Navigating Rough Waters

GUEST BLOG
Instituting and maintaining effective control systems is costly and challenging in even the best of times. Add in the instability that results from such difficulties as financial crises, regional political instability, pandemics, and others crises, and the costs and challenges are magnified.

Effective control systems are costly because they require significant investments in know-how, training and technology, and thousands of hours each year to manage them and related emerging risks. They are challenging because they require collaboration with stakeholders and striking the right balance between cost, risk, and control. The entire organization needs to be engaged as everyone has a role to play. The corporate board and the executive team set the tone; middle management institutes policies, procedures, and review mechanisms; and front line employees operate controls.
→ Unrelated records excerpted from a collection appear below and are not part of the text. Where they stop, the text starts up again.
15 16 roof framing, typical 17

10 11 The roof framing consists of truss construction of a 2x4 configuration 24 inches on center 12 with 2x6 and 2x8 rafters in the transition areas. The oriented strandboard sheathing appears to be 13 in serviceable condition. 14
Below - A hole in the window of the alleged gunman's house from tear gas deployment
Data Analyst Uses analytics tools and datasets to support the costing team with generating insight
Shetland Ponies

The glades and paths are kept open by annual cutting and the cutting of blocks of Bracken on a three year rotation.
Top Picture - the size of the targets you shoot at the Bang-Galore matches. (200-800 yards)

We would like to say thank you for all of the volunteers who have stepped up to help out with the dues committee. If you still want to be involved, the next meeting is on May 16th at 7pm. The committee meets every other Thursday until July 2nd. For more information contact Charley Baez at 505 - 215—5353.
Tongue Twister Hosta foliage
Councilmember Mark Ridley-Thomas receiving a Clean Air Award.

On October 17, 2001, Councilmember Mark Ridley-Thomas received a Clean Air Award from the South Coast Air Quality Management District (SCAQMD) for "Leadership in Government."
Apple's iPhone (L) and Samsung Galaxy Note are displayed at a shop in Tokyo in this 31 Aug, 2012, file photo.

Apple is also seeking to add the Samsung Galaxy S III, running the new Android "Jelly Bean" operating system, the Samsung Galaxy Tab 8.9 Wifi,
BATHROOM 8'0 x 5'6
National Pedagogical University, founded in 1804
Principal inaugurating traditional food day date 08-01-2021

Corporate instability can arise from disruption of supply chain, industry consolidation, rapid technological changes, loss of top customers and many other scenarios. Financial distress, becoming acquisition target and operating in a corporate culture dominated by aggressive senior managers are conditions found quite frequently and have devastating impact on risk and control because they can cause corporate instability.

Financial Distress
Financial distress is a condition during which companies are unable to service their financial commitments. In early stages, financial distress is generally attributed to mismanagement, while in later stages it is generally attributed to declining revenue, negative cash flow, heavy indebtedness, or other exogenous pressures. U.S. statistics show that hundreds of companies file bankruptcy protection with the courts each year, and the current coronavirus pandemic and resulting economic difficulties have greatly increased filings.
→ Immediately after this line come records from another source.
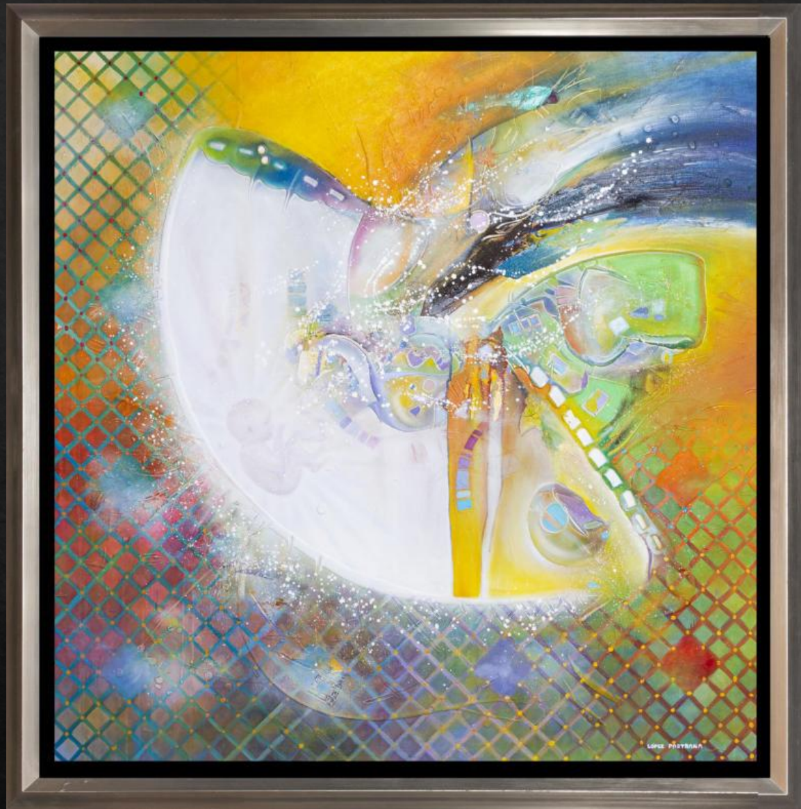
“LOS SUEÑOS DE UN FETO” (The Dreams Of a Fetus) 120x120cm/ 47x47in
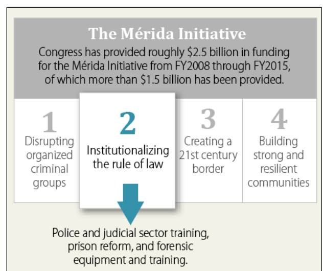
Figure 1. Current Status and Focus of the Mérida Initiative

Appendix for overall U.S. assistance to Mexico since FY2010). In the beginning, Congress included funding for Mexico in supplemental appropriations measures in an attempt to hasten the delivery of certain equipment. Congress has also earmarked funds in order to ensure that certain programs are prioritized, such as efforts to support institutional reform. From FY2012 onward, funds provided for pillar two have exceeded all other aid categories. In FY2015, Congress provided $28.6 million above the Administration's request, with additional funding for justice sector programs and efforts to help secure Mexico's southern border.
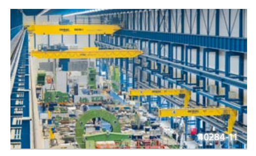
Heavy-load workshop with three crane levels at SMS Meer in Mönchengladbach
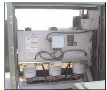
Recloser operator compartment.
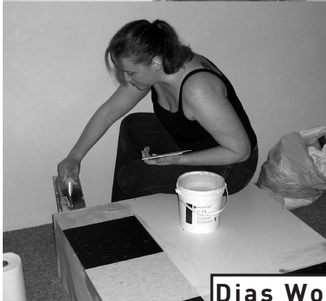
Dias Work Party in Action!
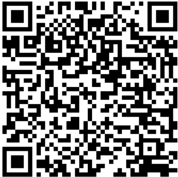
Booking Form (online training)

Change Your Mind is an excellent addition to any pupil's CV, providing plenty of experience they can use in interviews and enabling them to develop skills for the workplace. In addition, by developing and delivering workshops during the programme, they are enhancing their understanding of key issues taught in PSHE . Encompasses primary school outreach, teamwork, leadership, mentoring, project-based work and more
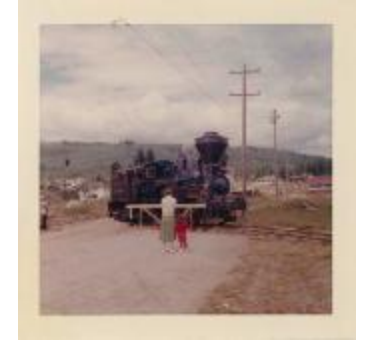
[Photo of a steam engine crossing a street in Paldi, B. C.] (2023_09_01_01_08_004)
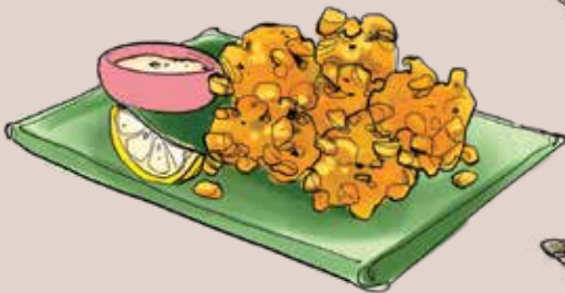
DRAGON BALLS (FRIED MENTAIKO CORN BALL) | 68 炸明太子粟米粒
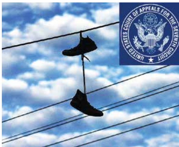
Figure 1. The Other Shoe: in a split decision, the Court of Appeals affirmed the summary judgment against the plaintiffs in the lawsuit over possession of the PFA

As the wheels of justice continue to turn, the Persepolis Fortification Archive Project continues to collect, correct, and display images, texts, seals, and catalog information. Dude-like, the editorial staff abides, sometimes daunted by the scope of the work to be done, sometimes delighted by fresh discoveries. As veteran student workers move on in their academic lives new students come into the Project, thanks to timely support from the Roshan Cultural Heritage Institute, and some student workers begin to build their own research with the products of the PFA Project.
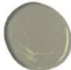
Tate Olive HC112
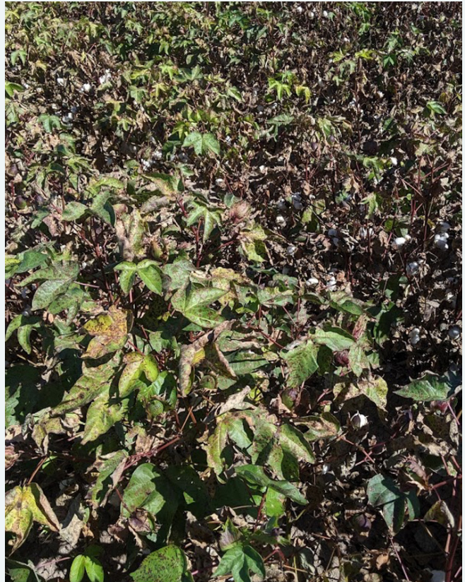
Severely infected cotton in the late season

When this condition is present, companies generally restructure to reduce costs and improve cash flow, while other become privately held. This leads to significant employee turnover and employee disengagement due to uncertainty and restructuring. During these situations, its often true that little attention is paid to risk and control as revenue generation, cost reduction, raising capital, spending freeze become top priorities.
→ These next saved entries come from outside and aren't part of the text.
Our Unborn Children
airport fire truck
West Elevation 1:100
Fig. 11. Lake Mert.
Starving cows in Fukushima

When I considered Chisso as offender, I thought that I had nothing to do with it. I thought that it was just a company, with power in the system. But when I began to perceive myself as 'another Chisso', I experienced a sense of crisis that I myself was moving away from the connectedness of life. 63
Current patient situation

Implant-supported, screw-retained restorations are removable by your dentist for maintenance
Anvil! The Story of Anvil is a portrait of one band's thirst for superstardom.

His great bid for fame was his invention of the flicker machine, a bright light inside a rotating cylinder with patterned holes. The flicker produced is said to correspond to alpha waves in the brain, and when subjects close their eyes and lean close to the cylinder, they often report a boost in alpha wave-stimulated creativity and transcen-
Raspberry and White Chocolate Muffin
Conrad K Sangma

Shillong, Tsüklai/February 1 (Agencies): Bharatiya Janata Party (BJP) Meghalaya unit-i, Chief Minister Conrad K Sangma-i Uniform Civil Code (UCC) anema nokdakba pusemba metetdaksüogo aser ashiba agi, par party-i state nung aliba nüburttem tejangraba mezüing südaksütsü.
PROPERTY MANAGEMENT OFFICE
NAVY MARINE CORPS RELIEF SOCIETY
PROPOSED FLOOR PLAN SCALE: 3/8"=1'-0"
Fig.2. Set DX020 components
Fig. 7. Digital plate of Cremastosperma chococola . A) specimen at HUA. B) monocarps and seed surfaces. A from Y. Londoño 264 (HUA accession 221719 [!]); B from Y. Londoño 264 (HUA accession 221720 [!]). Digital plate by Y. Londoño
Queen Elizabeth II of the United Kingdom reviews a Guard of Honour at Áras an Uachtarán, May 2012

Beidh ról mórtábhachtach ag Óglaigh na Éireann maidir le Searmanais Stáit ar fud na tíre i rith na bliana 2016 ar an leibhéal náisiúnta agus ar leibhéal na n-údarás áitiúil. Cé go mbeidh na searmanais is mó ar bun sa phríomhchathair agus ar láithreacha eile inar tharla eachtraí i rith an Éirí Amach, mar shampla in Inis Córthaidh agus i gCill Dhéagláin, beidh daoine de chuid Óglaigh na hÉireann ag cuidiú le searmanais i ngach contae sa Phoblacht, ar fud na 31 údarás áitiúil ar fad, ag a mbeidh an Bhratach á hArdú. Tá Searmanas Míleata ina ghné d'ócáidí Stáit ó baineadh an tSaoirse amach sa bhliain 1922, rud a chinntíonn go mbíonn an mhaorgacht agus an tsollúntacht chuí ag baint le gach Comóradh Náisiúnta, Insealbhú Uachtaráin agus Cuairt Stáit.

The risk of fraud and abuse is also heightened as fraudsters identify opportunities due to lack of control, lack of care, and lack of oversight. Fraudsters rationalize their actions because they believe that they have been taken advantage of or are not valued by the company. Motivations for frauds in this category include attempts to conceal deteriorating financial conditions, desire to increase the stock price, and personal gain through asset misappropriation schemes such as theft, skimming, fraudulent disbursements, and larceny.

In August 2016, the SEC charged Ener1 Inc, a public company that manufactured rechargeable lithium-ion batteries for energy storage, with financial fraud. The SEC accused the company of materially overstating revenues and assets in 2010 and in Q1 2011. The company had failed to impair investments and receivables related to one of its biggest customers, an electric car manufacturer. The former CEO and chairman of the board, chief financial officer, and former chief accounting officer all agreed to pay penalties. The SEC also found that the PwC audit partner assigned to the company had violated PCAOB and professional auditing standards when he failed to perform sufficient procedures to support his audit conclusions. The SEC suspended the PwC partner from participating in the financial reporting or audits of public companies for at least two years.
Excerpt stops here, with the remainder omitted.